■ WORK TO BE COMPLETED
Please set down only the lines that run from the one containing "5-17세 남아용 아동" to the end of the listing below, exactly as written.
=-=-=-=-=
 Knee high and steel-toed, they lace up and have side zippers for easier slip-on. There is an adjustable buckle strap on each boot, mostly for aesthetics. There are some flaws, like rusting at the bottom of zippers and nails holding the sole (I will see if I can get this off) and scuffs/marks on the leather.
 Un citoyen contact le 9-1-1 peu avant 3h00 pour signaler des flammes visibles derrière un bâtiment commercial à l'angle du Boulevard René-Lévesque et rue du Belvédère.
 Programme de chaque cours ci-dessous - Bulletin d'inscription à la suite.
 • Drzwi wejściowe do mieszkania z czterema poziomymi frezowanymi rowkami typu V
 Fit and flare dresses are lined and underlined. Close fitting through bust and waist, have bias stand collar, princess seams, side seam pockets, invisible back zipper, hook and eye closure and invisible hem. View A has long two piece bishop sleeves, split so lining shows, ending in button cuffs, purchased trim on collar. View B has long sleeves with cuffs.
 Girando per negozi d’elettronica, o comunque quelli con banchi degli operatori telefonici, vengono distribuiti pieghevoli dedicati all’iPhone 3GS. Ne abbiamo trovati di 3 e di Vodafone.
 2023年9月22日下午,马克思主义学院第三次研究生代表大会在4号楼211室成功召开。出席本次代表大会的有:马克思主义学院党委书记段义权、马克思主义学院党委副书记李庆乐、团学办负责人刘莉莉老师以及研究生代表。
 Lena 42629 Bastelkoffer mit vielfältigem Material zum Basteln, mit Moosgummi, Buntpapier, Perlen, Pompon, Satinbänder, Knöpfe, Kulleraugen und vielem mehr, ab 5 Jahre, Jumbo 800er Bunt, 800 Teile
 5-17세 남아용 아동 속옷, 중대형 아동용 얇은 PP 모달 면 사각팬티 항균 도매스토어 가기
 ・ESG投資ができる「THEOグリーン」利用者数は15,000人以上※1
=-=-=-=-=
■ SOLUTION TO THE PROBLEM
 5-17세 남아용 아동 속옷, 중대형 아동용 얇은 PP 모달 면 사각팬티 항균 도매스토어 가기
 ・ESG投資ができる「THEOグリーン」利用者数は15,000人以上※1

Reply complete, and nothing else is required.